(Stored data)
+ + +

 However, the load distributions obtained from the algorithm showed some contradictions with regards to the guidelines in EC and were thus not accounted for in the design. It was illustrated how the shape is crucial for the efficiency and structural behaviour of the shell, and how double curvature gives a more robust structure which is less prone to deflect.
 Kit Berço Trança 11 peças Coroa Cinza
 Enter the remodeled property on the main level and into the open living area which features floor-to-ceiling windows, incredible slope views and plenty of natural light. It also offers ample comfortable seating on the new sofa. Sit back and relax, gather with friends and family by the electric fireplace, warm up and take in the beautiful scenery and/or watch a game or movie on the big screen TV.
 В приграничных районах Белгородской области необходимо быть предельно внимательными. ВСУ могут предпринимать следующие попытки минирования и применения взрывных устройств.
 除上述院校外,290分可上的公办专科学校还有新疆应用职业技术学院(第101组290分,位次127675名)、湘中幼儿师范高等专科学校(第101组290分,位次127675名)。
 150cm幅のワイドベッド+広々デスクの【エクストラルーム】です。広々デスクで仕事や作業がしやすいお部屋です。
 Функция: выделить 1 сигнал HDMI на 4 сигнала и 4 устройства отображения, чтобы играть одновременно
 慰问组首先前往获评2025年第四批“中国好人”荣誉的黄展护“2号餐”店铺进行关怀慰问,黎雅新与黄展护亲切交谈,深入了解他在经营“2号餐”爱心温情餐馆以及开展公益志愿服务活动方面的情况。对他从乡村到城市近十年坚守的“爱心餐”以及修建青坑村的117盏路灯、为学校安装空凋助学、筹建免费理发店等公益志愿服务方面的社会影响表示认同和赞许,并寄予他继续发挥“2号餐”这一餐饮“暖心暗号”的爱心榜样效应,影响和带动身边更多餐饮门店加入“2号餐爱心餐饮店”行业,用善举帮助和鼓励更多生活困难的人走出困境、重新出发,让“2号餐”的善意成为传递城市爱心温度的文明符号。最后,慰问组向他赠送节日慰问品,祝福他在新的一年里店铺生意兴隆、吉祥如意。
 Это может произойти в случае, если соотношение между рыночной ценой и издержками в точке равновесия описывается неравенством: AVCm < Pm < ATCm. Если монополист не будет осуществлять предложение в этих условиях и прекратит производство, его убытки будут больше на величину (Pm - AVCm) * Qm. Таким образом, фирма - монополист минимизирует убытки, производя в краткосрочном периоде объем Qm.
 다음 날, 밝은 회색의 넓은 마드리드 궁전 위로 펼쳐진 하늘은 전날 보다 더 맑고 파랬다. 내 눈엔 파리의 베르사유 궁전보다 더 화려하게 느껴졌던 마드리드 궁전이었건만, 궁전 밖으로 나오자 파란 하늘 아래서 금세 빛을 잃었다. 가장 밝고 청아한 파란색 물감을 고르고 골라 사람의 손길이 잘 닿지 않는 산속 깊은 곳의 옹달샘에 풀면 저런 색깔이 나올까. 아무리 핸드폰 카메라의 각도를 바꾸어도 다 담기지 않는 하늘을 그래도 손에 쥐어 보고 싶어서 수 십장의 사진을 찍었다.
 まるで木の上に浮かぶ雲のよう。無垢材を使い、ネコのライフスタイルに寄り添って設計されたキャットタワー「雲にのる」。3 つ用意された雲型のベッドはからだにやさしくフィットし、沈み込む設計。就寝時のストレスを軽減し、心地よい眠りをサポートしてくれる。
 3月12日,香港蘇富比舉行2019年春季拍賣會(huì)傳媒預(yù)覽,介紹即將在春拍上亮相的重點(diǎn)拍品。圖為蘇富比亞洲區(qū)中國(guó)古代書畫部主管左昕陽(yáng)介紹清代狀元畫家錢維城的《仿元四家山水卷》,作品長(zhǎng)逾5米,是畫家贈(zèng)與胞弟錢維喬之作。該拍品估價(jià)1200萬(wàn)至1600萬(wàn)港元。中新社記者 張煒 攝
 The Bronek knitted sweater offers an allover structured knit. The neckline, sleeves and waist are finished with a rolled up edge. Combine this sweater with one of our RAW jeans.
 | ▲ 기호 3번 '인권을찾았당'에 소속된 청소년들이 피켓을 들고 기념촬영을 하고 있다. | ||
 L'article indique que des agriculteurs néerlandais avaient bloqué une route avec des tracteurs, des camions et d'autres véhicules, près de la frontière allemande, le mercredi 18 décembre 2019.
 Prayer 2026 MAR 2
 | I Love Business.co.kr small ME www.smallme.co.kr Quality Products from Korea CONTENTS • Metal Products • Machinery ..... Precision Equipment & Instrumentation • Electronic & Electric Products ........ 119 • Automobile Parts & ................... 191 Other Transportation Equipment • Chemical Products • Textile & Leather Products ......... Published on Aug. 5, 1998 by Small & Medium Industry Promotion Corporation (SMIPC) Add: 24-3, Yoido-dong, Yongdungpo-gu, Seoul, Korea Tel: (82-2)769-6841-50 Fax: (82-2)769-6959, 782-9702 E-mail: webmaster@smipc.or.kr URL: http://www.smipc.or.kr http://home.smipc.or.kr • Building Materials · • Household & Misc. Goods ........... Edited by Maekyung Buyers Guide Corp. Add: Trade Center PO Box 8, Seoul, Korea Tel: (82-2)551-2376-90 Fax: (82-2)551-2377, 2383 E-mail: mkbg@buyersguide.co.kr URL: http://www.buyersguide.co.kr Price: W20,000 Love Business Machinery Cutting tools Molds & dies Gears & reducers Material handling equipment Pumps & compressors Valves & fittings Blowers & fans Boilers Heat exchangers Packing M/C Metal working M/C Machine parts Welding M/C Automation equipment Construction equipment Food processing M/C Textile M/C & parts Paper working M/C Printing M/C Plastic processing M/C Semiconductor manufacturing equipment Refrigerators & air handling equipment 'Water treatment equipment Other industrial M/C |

+ + +

• [Exercise]
Your reply must contain exactly the lines from the first line of the data through the line holding "Kit Berço Trança 11 peças Coroa Cinza", and nothing more.

• [Response to this task]
 However, the load distributions obtained from the algorithm showed some contradictions with regards to the guidelines in EC and were thus not accounted for in the design. It was illustrated how the shape is crucial for the efficiency and structural behaviour of the shell, and how double curvature gives a more robust structure which is less prone to deflect.
 Kit Berço Trança 11 peças Coroa Cinza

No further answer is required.